Depending on your cash flow needs you can look into cash flow requirements.  If there is requirement for interim cash flows from the investment, then the dividend option is better, whereas if there is no interim cash flow requirement, the growth option is better where the returns are reflected in the movement of the NAV.
In order to encourage your savings and growth, it is important that you invest as much as you can, after you have analyzed what your saving potential is.

TAX TREATMENT:

Dividends are tax-free in the hands of the investor, but there is a dividend distribution tax (DDT) that is deducted by the AMC on behalf of the investor and passed on to the government.

In the growth option, there would be no distinction between short-term and long-term holdings as such, but the benefit of indexation would be applicable for a holding period of one year from the end of the financial year in which the asset is acquired. The taxation on the growth option would be as per the slab rates, which means 30% for most investors.
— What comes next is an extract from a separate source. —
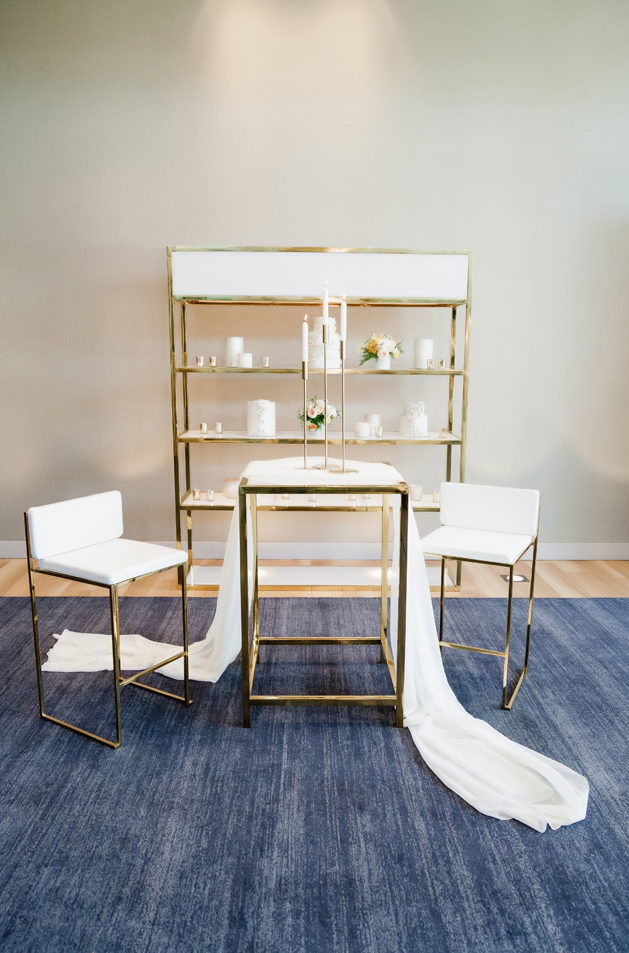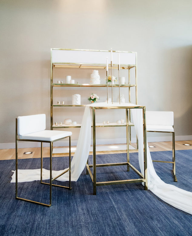 Set design by Ames Haus Design; Set flowers by Ames Haus Design with wholesale flowers from FiftyFlowers.com; Set decor from Blossom Farm Vintage Rentals; Set furniture from Sacramento Event Co.; Set cake by Batter Up Cakery

Since both dividend and growth options would be taxable at the hands of the investor, there would not be much of a difference in terms of taxation except where the intended holding period would be enough to be eligible for indexation benefit. In that case, the growth option would be more tax efficient.

Direct Tax Code (DTC), scheduled to be implemented from April 1, 2012 where the returns from the dividend option will be clubbed with the income of the investor (i.e., there would be no distribution tax) and would be taxable at the slab rates.

Depending on that your investment can be carried out. Buying a personal loan or a car loan can make your savings go below than much more what you can invest.